● **Work item**
Reproduce each record verbatim, images excluded.

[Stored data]
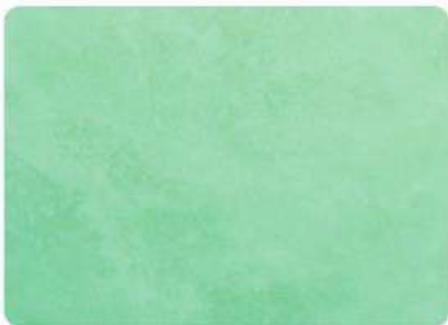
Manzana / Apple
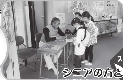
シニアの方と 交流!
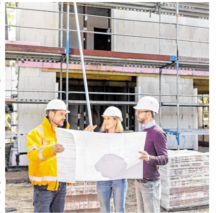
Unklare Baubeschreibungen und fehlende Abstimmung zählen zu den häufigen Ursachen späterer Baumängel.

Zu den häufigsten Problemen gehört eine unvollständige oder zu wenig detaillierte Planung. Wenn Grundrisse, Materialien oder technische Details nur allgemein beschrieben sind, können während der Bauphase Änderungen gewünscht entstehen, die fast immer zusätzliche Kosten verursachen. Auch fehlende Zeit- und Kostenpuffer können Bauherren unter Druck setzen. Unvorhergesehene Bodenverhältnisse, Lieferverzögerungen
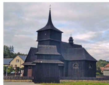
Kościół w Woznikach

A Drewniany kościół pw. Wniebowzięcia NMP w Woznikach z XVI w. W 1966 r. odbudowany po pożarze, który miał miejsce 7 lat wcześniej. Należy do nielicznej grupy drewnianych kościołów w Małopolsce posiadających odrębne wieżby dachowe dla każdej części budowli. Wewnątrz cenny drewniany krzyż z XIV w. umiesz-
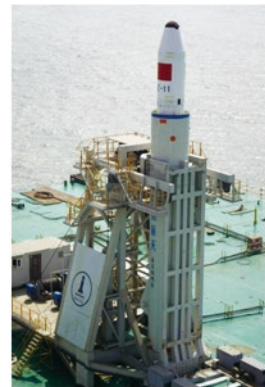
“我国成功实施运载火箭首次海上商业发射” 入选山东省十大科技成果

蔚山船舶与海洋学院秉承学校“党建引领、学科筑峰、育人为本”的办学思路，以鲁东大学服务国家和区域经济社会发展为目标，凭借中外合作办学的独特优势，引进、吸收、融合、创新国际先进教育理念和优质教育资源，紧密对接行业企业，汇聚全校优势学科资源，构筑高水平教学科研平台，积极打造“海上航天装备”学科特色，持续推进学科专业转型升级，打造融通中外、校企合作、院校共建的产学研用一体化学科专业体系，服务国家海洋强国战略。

● **Answer area**
Manzana / Apple
シニアの方と 交流!
Unklare Baubeschreibungen und fehlende Abstimmung zählen zu den häufigen Ursachen späterer Baumängel.

Zu den häufigsten Problemen gehört eine unvollständige oder zu wenig detaillierte Planung. Wenn Grundrisse, Materialien oder technische Details nur allgemein beschrieben sind, können während der Bauphase Änderungen gewünscht entstehen, die fast immer zusätzliche Kosten verursachen. Auch fehlende Zeit- und Kostenpuffer können Bauherren unter Druck setzen. Unvorhergesehene Bodenverhältnisse, Lieferverzögerungen
Kościół w Woznikach

A Drewniany kościół pw. Wniebowzięcia NMP w Woznikach z XVI w. W 1966 r. odbudowany po pożarze, który miał miejsce 7 lat wcześniej. Należy do nielicznej grupy drewnianych kościołów w Małopolsce posiadających odrębne wieżby dachowe dla każdej części budowli. Wewnątrz cenny drewniany krzyż z XIV w. umiesz-
“我国成功实施运载火箭首次海上商业发射” 入选山东省十大科技成果

蔚山船舶与海洋学院秉承学校“党建引领、学科筑峰、育人为本”的办学思路，以鲁东大学服务国家和区域经济社会发展为目标，凭借中外合作办学的独特优势，引进、吸收、融合、创新国际先进教育理念和优质教育资源，紧密对接行业企业，汇聚全校优势学科资源，构筑高水平教学科研平台，积极打造“海上航天装备”学科特色，持续推进学科专业转型升级，打造融通中外、校企合作、院校共建的产学研用一体化学科专业体系，服务国家海洋强国战略。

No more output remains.